Re: minimizing size (was Re: allocation of Georgian letters)

From: Sinnathurai Srivas (sisrivas@blueyonder.co.uk)
Date: Sat Feb 09 2008 - 10:09:43 CST

  • Next message: Bala: "RE: minimizing size (was Re: allocation of Georgian letters)"

    >>>>>
    A backward compatible solution would include allowing the current (CTL)
    encoding to work while canonical forms would allow non-CTL encoding.
    Both can work seemlesly.

    Tamil already has a canonical form (though wrongly) defined already. We need
    to expand on providing canonical forms in a logical manner.

    Forward Compatible:
    One more thing, criteria used for making Devanagari nor Bengali may be or
    may not be correct in making them CTL encodings. However, the criteria used
    to make Tamil a CTL is not correct. Ofcourse backward compatibility (even
    forward compatibility can be considered) must be maintained. Is a non-CTL
    solution, that is made forward-compaticle to CTL is a possibility? Can I
    expect a solution for rigidly fixedwidth requirements using canonical forms?
    Can I expect an IMMEDIATE solution to use Unicode in publishing, utilising
    canonical forms? The existing will encoding stays primary, while canonical
    forms assist in special circumstances?

    Sinnathurai

    >>>>
    On Feb 8, 2008 4:12 PM, Sinnathurai Srivas <sisrivas@blueyonder.co.uk>
    wrote:
    > Again what is the criteria for stopping Tamil using workable solution and
    > what is the criteria for enforcing non-working solution?
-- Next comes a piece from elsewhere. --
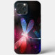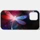 Lumineuse, volante, libellule rouge, avec des ailes transparentes et détaillées sur arrière - plan sombre, nocturne, lumineux avec plantes tropicaux et lucioles. libellule rouge.

    Unicode will change its encoding of Tamil in a non-backward compatible
    way when hell freezes over. This system may be suboptimal, but it is
    the same system as used for Devanagari and Bengali, and does work, if
    not as well or in as many systems as you may hope.
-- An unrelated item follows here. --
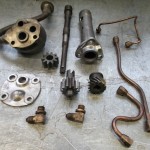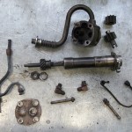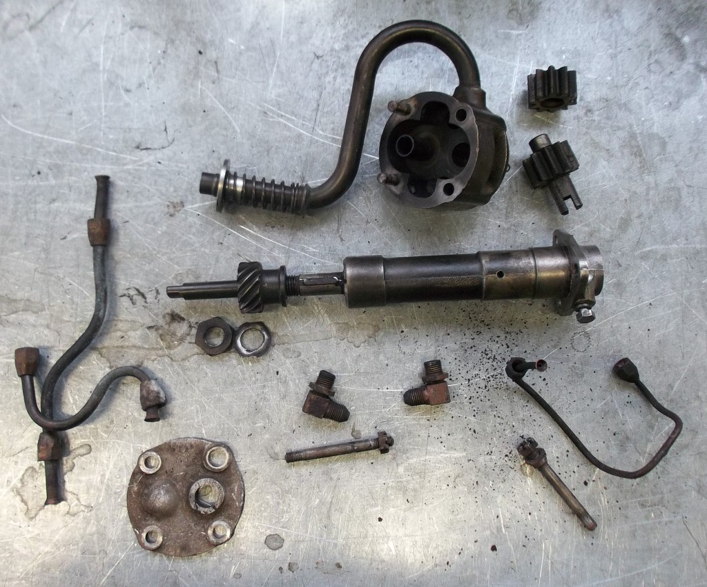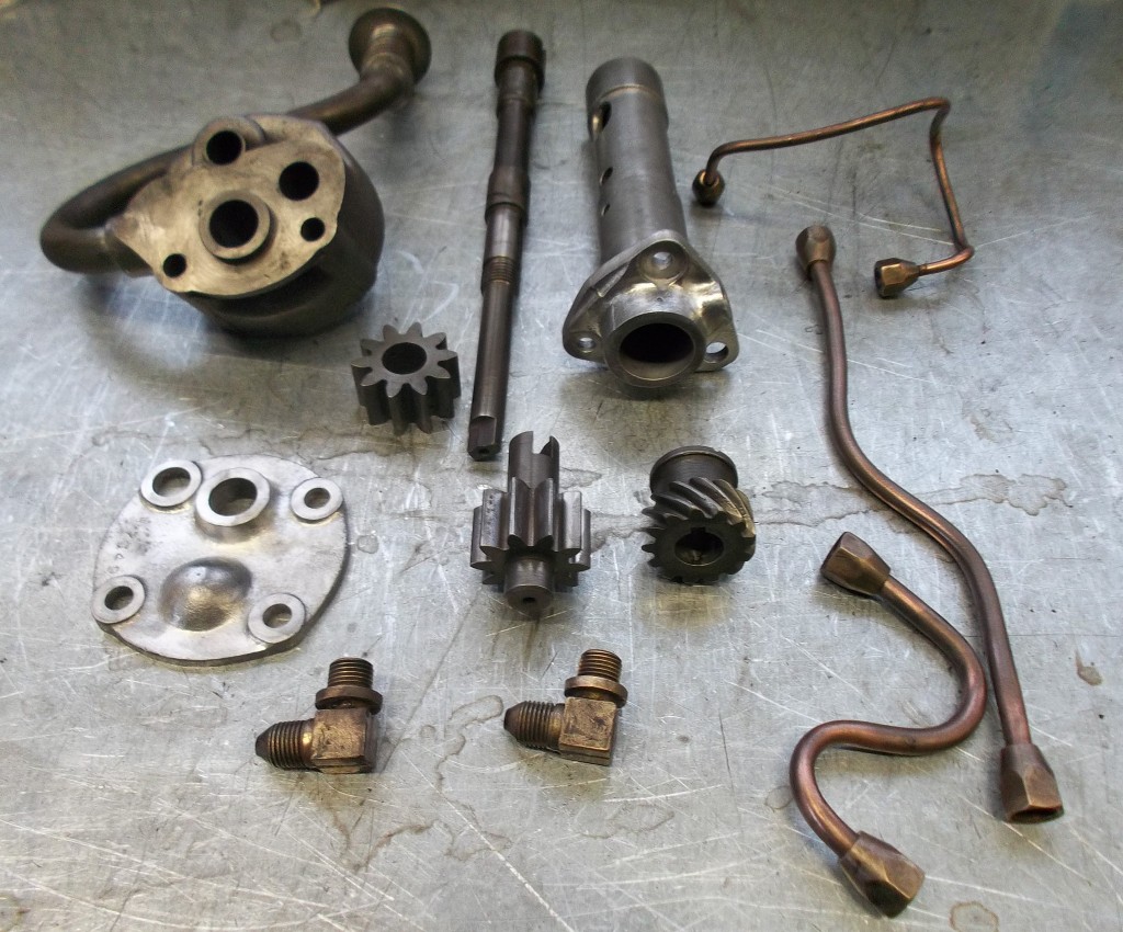 Zu einem gesunden Motor gehört eine gesunde Ölversorgung. Zur Kontrolle zerlegten wir die Ölpumpe in alle Bestandteile. Besonderes Augemerk legten wir auch noch auf das aussen am Motor verbaute Öldruckregelventil. Alle Bauteile wurden gründliche gereiningt und überprüft. Bei den Zahnrädern der Pumpe konnten wir auf gut erhaltene Gebrauchtteile zurückgreifen um die Pumpe wieder montieren zu können. Das Öldruckregelventil zeigte sich nach der Reinigung in bestem Zustand. Somit sollte nichts einer guten Ölversorgung entgegensprechen.

    ----- Original Message -----
    From: "Sinnathurai Srivas" <sisrivas@blueyonder.co.uk>
    To: "Unicode Discussion" <unicode@unicode.org>
    Sent: 08 February 2008 22:02
    Subject: Re: minimizing size (was Re: allocation of Georgian letters)

    >
    John H. Jenkins wrote in a mail,
    "
    Even if Unicode had used an encoding model for South Asian scripts
    that didn't require complex rendering, the current problem would exist
    because then text would display correctly but, for example, databases
    would have to be substantially rewritten to convert the glyph stream
    back into a series of letters for the operations that they typically
    support.
    "
    >>
    John, could you expand on the above,
    (Additionally, please include what effect canonical forms would have on
    databses.)
    My initial thinking is non-CTL Tamil would work in databases without
    additional interventions.

    Sinnathurai

    >>>

    I'm not sufficiently familiar with Tamil to comment intelligently on
    it. My responses were aimed at the more general issue of why complex
    scripts are required and to try to clarify the reasons why some
    scripts require complex rendering and others don't. If your questions
    have to do with Tamil specifically, it would be better for them to be
    answered by someone more familiar with the script.

    =====
    John H. Jenkins
    jenkins@apple.com
    ----- Original Message -----
    From: "Sinnathurai Srivas" <sisrivas@blueyonder.co.uk>
    To: "Unicode Discussion" <unicode@unicode.org>
    Sent: 08 February 2008 21:12
    Subject: Re: minimizing size (was Re: allocation of Georgian letters)

    1/
    My question was what is the criteria used to class a language as
    a/ That requires complex rendering
    b/ That does not require complex rendering.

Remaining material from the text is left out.